Vatican City - A senior cardinal warned Wednesday that relaxing the Roman Catholic Church's rule on celibacy for priests would be a "serious error," countering calls by reformers that allowing them to marry would help resolve a shortage of clergymen.

Cardinal George Pell, archbishop of Sydney, Australia, delivered the strongest defense of celibacy yet to the Synod of Bishops, a meeting that gives Pope Benedict XVI recommendations on running the church.

Pell praised what he called the "ancient tradition and life-giving discipline of mandatory celibacy."

"To loosen this tradition now would be a serious error, which would provoke confusion in the mission areas and would not strengthen spiritual vitality" in the developed world, Pell said.

"It would be a departure from the practice of the Lord himself, bring significant practical disadvantages to the work of the church," he said in remarks from the closed-door meeting distributed to reporters.

The priest shortage has been a major topic at the synod, but there have been no explicit recommendations to relax the celibacy requirement for priests to combat it, the Rev. John Bartunek, a synod spokesman, said Wednesday.

Some liberal Catholics and church reform groups say removing the celibacy rule for priests would encourage more men to join the priesthood and alleviate the shortage, which has forced the closure of hundreds of churches and clustering together of others.

At the synod, most of the bishops who have raised the shortage have suggested that the church better redistribute the priests it has.

Some Eastern rite Catholic prelates — who are allowed to marry — have told the synod that a married priesthood introduced different problems, such as the financial strain on dioceses providing for a priests' family.
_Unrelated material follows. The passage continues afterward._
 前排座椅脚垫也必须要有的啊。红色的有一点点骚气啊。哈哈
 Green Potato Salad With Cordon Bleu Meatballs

In another major issue, ecumenical delegates to the meeting of bishops urged the church to more readily allow non-Catholic Christians to receive Holy Communion, saying it could help foster unity.
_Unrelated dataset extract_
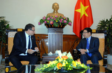 Thay mặt Chính phủ Việt Nam, Phó Thủ tướng, Bộ trưởng Phạm Bình Minh đánh giá quan hệ hợp tác giữa hai nước trong những năm qua phát triển tích cực, nhất là kết quả đạt được trong các chuyến thăm lẫn nhau của Lãnh đạo Cấp cao và Bộ, ngành hai nước; hợp tác kinh tế thương mại song phương tuy còn khiêm tốn, nhưng đang trên đà phát triển nhanh, đạt mức 120 triệu USD trong năm 2014, cao gấp hơn 4 lần so với năm 2007; hai nước còn nhiều dư địa hợp tác trong các lĩnh vực như nông nghiệp, chăn nuôi, chế biến nông - thủy sản, công nghệ sinh học… Phó Thủ tướng Phạm Bình Minh đánh giá cao việc Uruguay mở Đại sứ quán tại Hà Nội từ năm 2011 và quyết định công nhận Quy chế kinh tế thị trường cho Việt Nam vào năm 2013, đóng góp tích cực vào việc tăng cường quan hệ hữu nghị và hợp tác song phương Việt Nam – Uruguay; đánh giá cao hai nước phối hợp và hợp tác chặt chẽ tại các tổ chức quốc tế và diễn đàn đa phương, nhất là tại Liên Hợp quốc. Nhân dịp này, Phó Thủ tướng Phạm Bình Minh bày tỏ mong muốn Hạ viện Uruguay tiếp tục quan tâm thúc đẩy các nỗ lực của Chính phủ hai nước nhằm tăng cường quan hệ song phương, ủng hộ việc ký kết và phê chuẩn các văn kiện hợp tác giữa hai nước.

Catholic teaching says Communion can only be given to non-Catholic Christians under certain circumstances, primarily because of differing interpretations of the sacrament. They can receive Communion if they desire it, request it and "manifest the faith" that Catholics profess toward the sacrament.
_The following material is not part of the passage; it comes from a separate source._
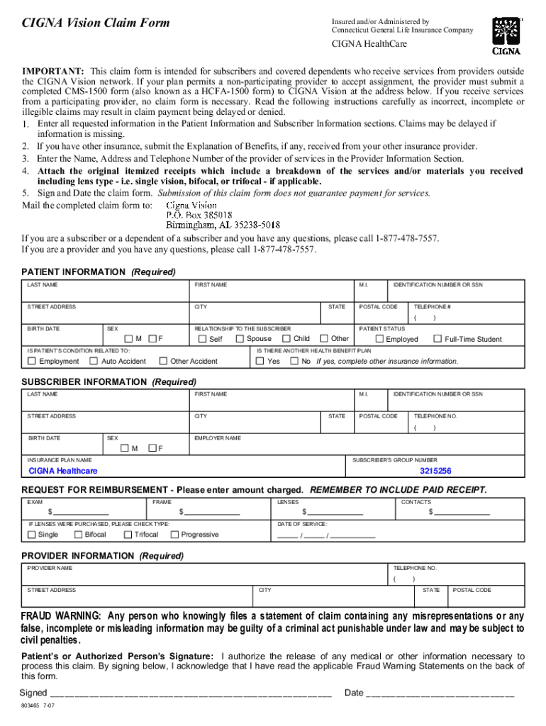 Form InformationCIGNA Vision Claim FormInsured and/or Administered by Connecticut General Life Insurance CompanyCIGNA HealthCare IMPORTANT: This claim form is intended for subscribers and covered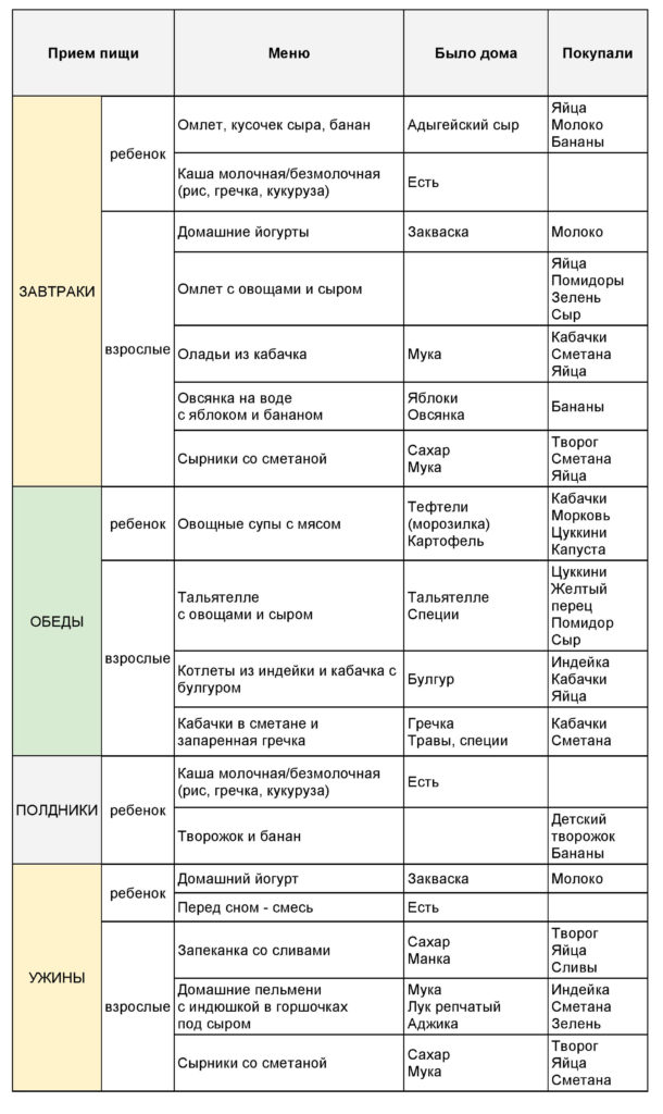 - На питание уходит меньше денег, ведь в закупке будет минимум ненужных продуктов.

Per Lonning, the bishop emeritus of the Lutheran Church in Norway, criticized the synod's working document, which scolded non-Catholic Christians for erroneously seeking Communion in Catholic churches.

Lonning said the reference made him "very sad" and suggested that if the document's references to the issue are published as the "official voice" of the Roman Catholic Church, ecumenical progress could be set back.